Interesting. I'd have thought the "extra copy" would be an
overall slowdown, but I guess that's not the case.
I also tried your strategy of adding '\n' to the buffer, but I
was getting some bad output on windows. I'm not sure why "\n\n"
works though. On *nix, I'd have also expected a double line
feed. Did you check the actual output?
I checked the output. The range selected is for one newline.

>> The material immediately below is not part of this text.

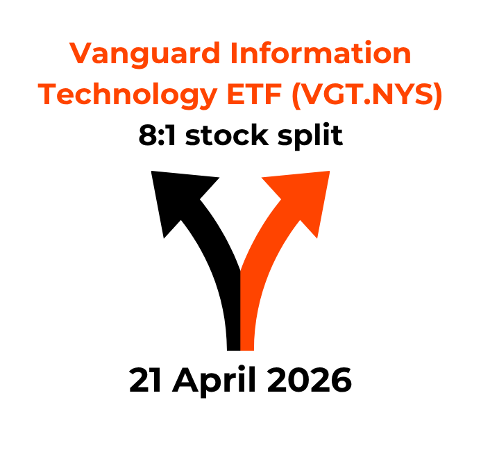 Vanguard Information Technology ETF (VGT.NYS) has announced a 8:1 stock split, effective Tuesday, April 21st 2026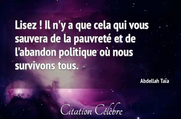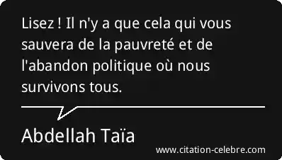Lisez ! Il n'y a que cela qui vous sauvera de la pauvreté et de l'abandon politique où nous survivons tous.

Appender is better than "~=", but it's not actually that good
either. Try this:
//----
void printDiamond3(size_t N)
{
import core.memory;
char* p = cast(char*)GC.malloc(N*N+16);
p[0..N*N+16]='*';
auto pp = p;
N/=2;
enum code = q{
pp[0 .. N - n] = ' ';
pp+=(1+N+n);
version(Windows)
{
pp[0 .. 2] = "\r\n";
pp+=2;
}
else
{
pp[0] = '\n';
++pp;
}
};
foreach (n; 0 .. N + 1) {mixin(code);}
foreach_reverse(n; 0 .. N ) {mixin(code);}
write(p[0 .. pp-p]);
}
//----
This makes just 1 allocation of roughly the right size. It also
eagerly fills the entire array with '*', since I *figure*
that's faster than a lot of different writes.
I could be mistaken about that though, but I imagine the
pre-allocation and not using Appender is definitely a boost.
ok. I'll try it. I was happy the appender was pretty fast.